There Is
Very Much That Is Highly Grotesque At First Sight.
Men squat on
the floor selling amulets, rosaries, printed prayers, incense
sticks, and other wares.
Ex votos of all kinds hang on the wall
and on the great round pillars. Many of these are rude Japanese
pictures. The subject of one is the blowing-up of a steamer in the
Sumidagawa with the loss of 100 lives, when the donor was saved by
the grace of Kwan-non. Numbers of memorials are from people who
offered up prayers here, and have been restored to health or
wealth. Others are from junk men whose lives have been in peril.
There are scores of men's queues and a few dusty braids of women's
hair offered on account of vows or prayers, usually for sick
relatives, and among them all, on the left hand, are a large mirror
in a gaudily gilt frame and a framed picture of the P. M. S. China!
Above this incongruous collection are splendid wood carvings and
frescoes of angels, among which the pigeons find a home free from
molestation.
Near the entrance there is a superb incense-burner in the most
massive style of the older bronzes, with a mythical beast rampant
upon it, and in high relief round it the Japanese signs of the
zodiac - the rat, ox, tiger, rabbit, dragon, serpent, horse, goat,
monkey, cock, dog, and hog. Clouds of incense rise continually
from the perforations round the edge, and a black-toothed woman who
keeps it burning is perpetually receiving small coins from the
worshippers, who then pass on to the front of the altar to pray.
The high altar, and indeed all that I should regard as properly the
temple, are protected by a screen of coarsely-netted iron wire.

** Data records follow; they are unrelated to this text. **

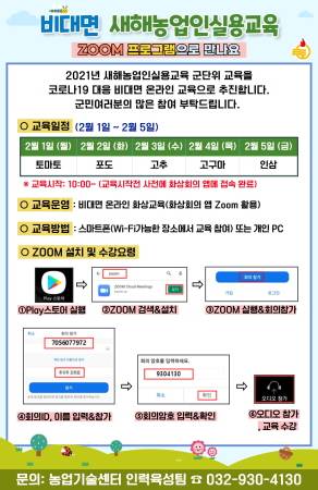 품목별 교육 일정은 ▲토마토(2월 1일) ▲포도(2월 2일) ▲고추(2월 3일) ▲고구마(2월 4일) ▲인삼(2월 5일)으로 교육을 희망하는 농업인은 비대면 화상회의(ZOOM) 앱을 활용해 스마트폰 또는 개인 PC를 통해 수강할 수 있다.
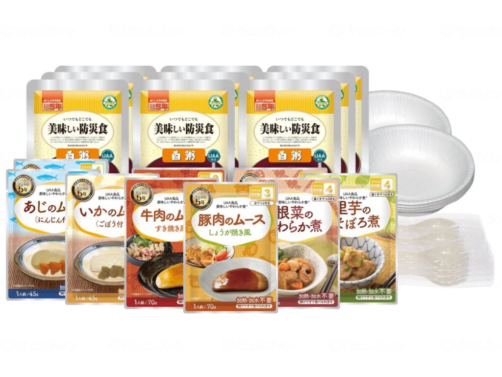 そしゃく配慮が必要な人向けの長期保存食セット。
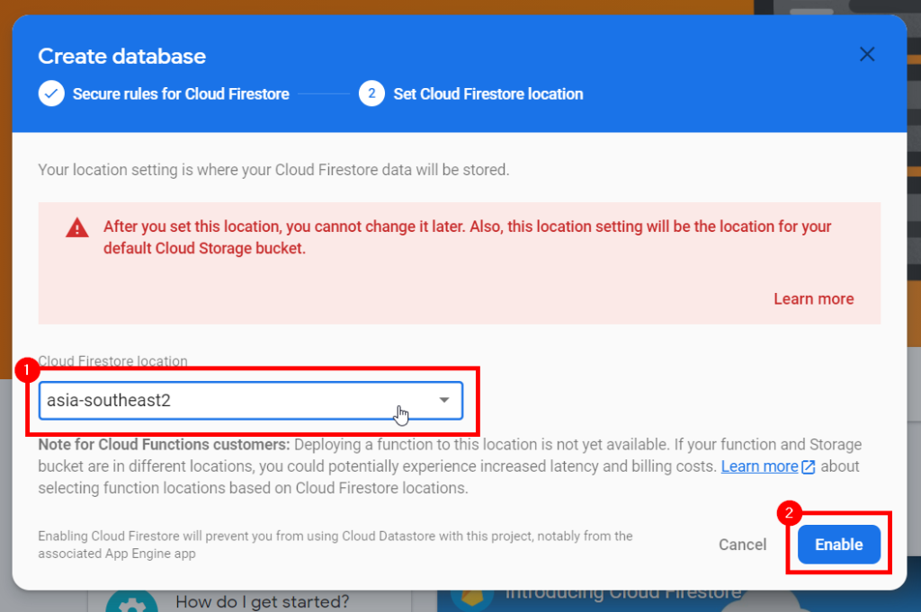 Next choose the physical location of the Firestore database. Choose a location that is closest to you so the connection is faster.
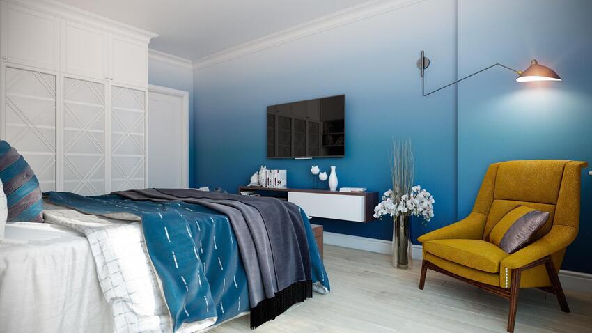 градиент: у потолка должен находиться светлый цвет, ближе к полу он должен постепенно темнеть, таким образом можно увеличить высоту стен.

This holy of holies is full of shrines and gods, gigantic
candlesticks, colossal lotuses of gilded silver, offerings, lamps,
lacquer, litany books, gongs, drums, bells, and all the mysterious
symbols of a faith which is a system of morals and metaphysics to
the educated and initiated, and an idolatrous superstition to the
masses. In this interior the light was dim, the lamps burned low,
the atmosphere was heavy with incense, and amidst its fumes shaven
priests in chasubles and stoles moved noiselessly over the soft
matting round the high altar on which Kwan-non is enshrined,
lighting candles, striking bells, and murmuring prayers. In front
of the screen is the treasury, a wooden chest 14 feet by 10, with a
deep slit, into which all the worshippers cast copper coins with a
ceaseless clinking sound.
There, too, they pray, if that can be called prayer which
frequently consists only in the repetition of an uncomprehended
phrase in a foreign tongue, bowing the head, raising the hands and
rubbing them, murmuring a few words, telling beads, clapping the
hands, bowing again, and then passing out or on to another shrine
to repeat the same form. Merchants in silk clothing, soldiers in
shabby French uniforms, farmers, coolies in "vile raiment,"
mothers, maidens, swells in European clothes, even the samurai
policemen, bow before the goddess of mercy.